Imagine the increase in efficiency you can reach by decreasing your measurement time for each sample!

10. Normal MRD: conclusions
Features of the hybrid monochromator
Intensity increase:
> 30 compared with Ge(220) point focus
> 10 compared with Ge(220) asymm.
Fast, compact tool for reciprocal space maps and rocking curves
How can this be compared with Extended MRD?
The plots in the previous slide show that the 4-bounce hybrid monochromator can well be compared with the Ge(220) 4-crystal monochromator. The resolution of the hybrid monochromator is slightly lower, this can be seen in the less perfect separation between the two largest peaks in the spectrum.
In terms of intensity, however, a increase of around 30 can be reached, depending on the application. In other words: the same information is gathered in 4% of the time!
When compared to the Ge(220) asymmetrically cut 4-crystal monochromator (not shown in the previous slides), the resolution of the 4-bounce hybrid monochromator is comparable, the typical intensity gain will be about 10.
Let us compare the 4-bounce hybrid monochromator with a diffraction system in which the 4-crystal monochromators can be used together with a separate X-ray mirror; the so-called Extended MRD.

11. Extended MRD
Mirror with Ge(220) and Ge(220) asymmetrically channel-cut monochromator
Compare with four-bounce hybrid monochromator
and with Ge(220) point focus
In this case, we will compare the following configurations:
tube focus: line
X-ray mirror with 4-crystal Ge(220) monochromator
X-ray mirror with asymmetrically cut 4-crystal Ge(220) monochromator
4-bounce hybrid monochromator
tube focus: point
4-crystal Ge(220) monochromator

12. It is clear that in this case the difference between the hybrid monochromator and the mirror + 4-crystal monochromators is less pronounced.

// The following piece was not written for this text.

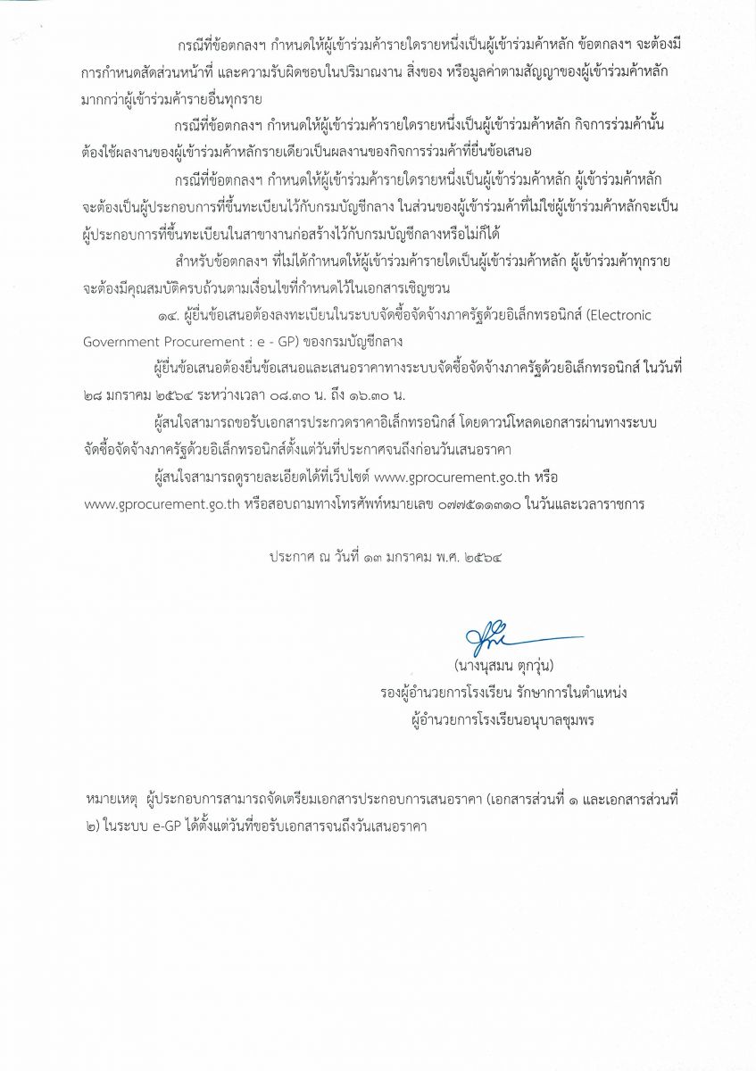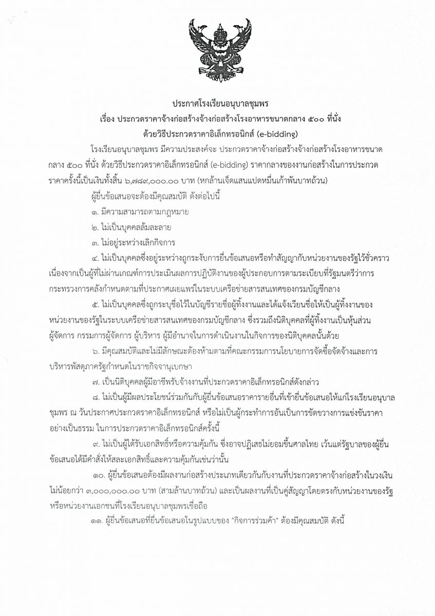 ประกาศโรงเรียนอนุบาลชุมพร เรื่อง ประกวดราคาจ้างก่อสร้างโรงอาหารขนาดกลาง ๕๐๐ ที่นั่ง ด้วยวิธีประกวดราคาอิเล็กทรอนิกส์ (e-bidding)
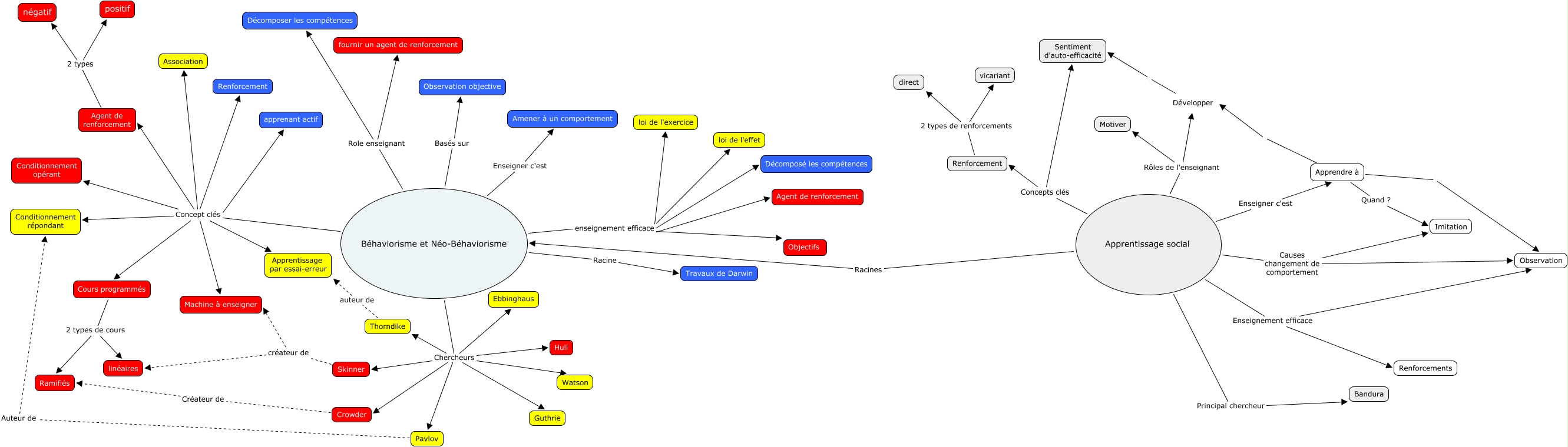 Cette carte de concepts créée avec IHMC CmapTools traite de: Behaviorisme néo-béhaviorisme, Béhaviorisme et Néo-Béhaviorisme Enseigner c'est Amener à un comportement, Apprentissage social Causes changement de comportement Observation, Cours programmés 2 types de cours linéaires, Agent de renforcement 2 types positif, Béhaviorisme et Néo-Béhaviorisme Chercheurs Watson, Apprentissage social Concepts clés Sentiment d'auto-efficacité, Agent de renforcement 2 types négatif, Béhaviorisme et Néo-Béhaviorisme Concept clés Agent de renforcement, Béhaviorisme et Néo-Béhaviorisme Racine Travaux de Darwin, Cours programmés 2 types de cours Ramifiés, Béhaviorisme et Néo-Béhaviorisme Chercheurs Thorndike, Béhaviorisme et Néo-Béhaviorisme Concept clés Conditionnement opérant, Skinner créateur de Machine à enseigner, Apprentissage social Rôles de l'enseignant Motiver, Apprendre à Observation, Apprentissage social Causes changement de comportement Imitation, Béhaviorisme et Néo-Béhaviorisme Basés sur Observation objective, Béhaviorisme et Néo-Béhaviorisme Concept clés apprenant actif, Renforcement 2 types de renforcements direct, Béhaviorisme et Néo-Béhaviorisme Concept clés Apprentissage par essai-erreur

13. Especially in this picture it can be seen that the resolution of the 4-bounce hybrid monochromator is comparable to the asymmetrically cut 4-crystal Ge(220) monochromator in combination with the separate X-ray mirror.

14. Conclusions (1)
Let us compare the intensities of the possible incident beam optical modules for the analysis of epitaxial layers.

15. Conclusions (2)
The four-bounce hybrid monochromator is an excellent tool for fast measurements of rocking curves and reciprocal space maps
It can best be used when high intensity is required in combination with moderate resolution
When ultra-high resolution is required, it is easy to change to a four-crystal monochromator
In this talk I have introduced the hybrid monochromator to you.
Two types of hybrid monochromator exist, the 2-bounce and the 4-bounce hybrid monochromator. The 4-bounce types is mainly designed for measuring rocking curves and reciprocal space maps.
It can best be used when a high intensity is required at moderate resolution. When ultra-high resolution is required, the hybrid monochromator can easily be exchanged for a four-crystal monochromator.
The ultimate flexibility is possible with an extended-MRD, in which the mirror and four-crystal monochromators can be used together. The hybrid monochromator, however gives the highest intensity and can also be used on standard MRD systems.